I’m not sure if Rasa is able to do the next thing: given an input message instead of classify in one of the intents designed, give as an output the confidence of each intent (intent_ranking) and based on that continue doing questions to be more accurate in the final intent classification.
This will give you a list of intent objects, containing the name, ID, and confidence (0 to 1) of that intent.
Code example:
ranking = tracker.latest_message['intent_ranking']
for intent in ranking:
name = intent['name']
confidence = int(intent['confidence'] * 100)
print(f'Confidence of intent {name} is {confidence}%').
A list of intent_rankings. These results show the intent classification for all of the other intents defined in the training data. The intents are ranked according to the intent match probability predictions generated by the model.
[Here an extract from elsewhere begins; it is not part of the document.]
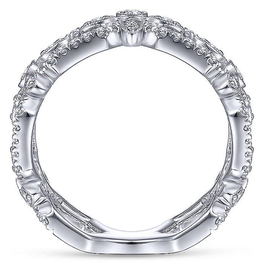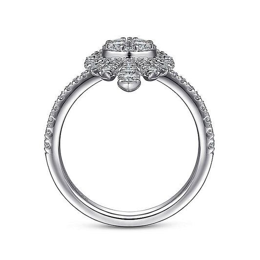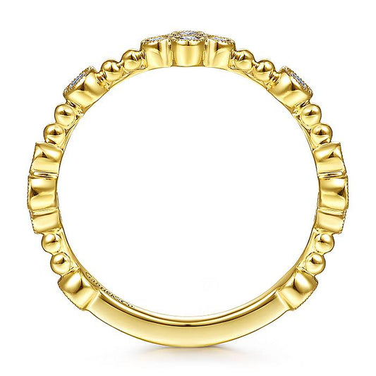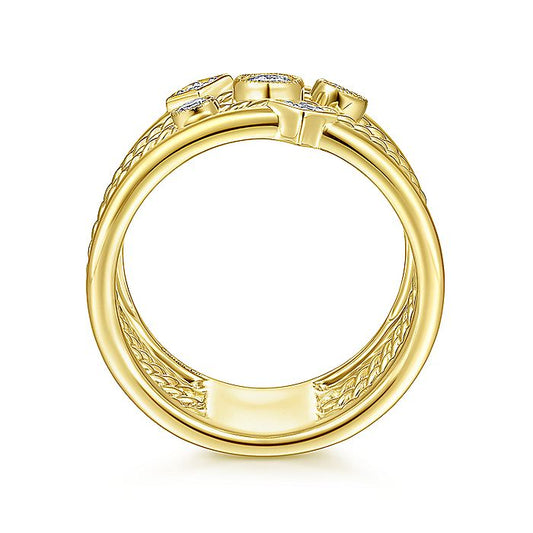 Gabriel & Co Yellow Gold Bezel Set Diamond Quatrefoil Station Ring

In your customs actions you can can fetch the intent ranking by the following code:
intent_ranking = tracker.latest_message['intent_ranking']
OR
intent_ranking = tracker.latest_message.get( "intent_ranking" , [])
This particular code will help you fetch the list of intents sorted by the confidence score in a descending order. The output then can be used for further preprocessing.
PS: Make sure you check this component before using intent_ranking : Components
Thank you so much, it was really useful. About the second part of the issue, what I meant is that I want that given an input message not have a rule or story activated by an intent, but for example by a slot. But I’m having problems with the slot_was_set in rules, because it doesn’t work as expected.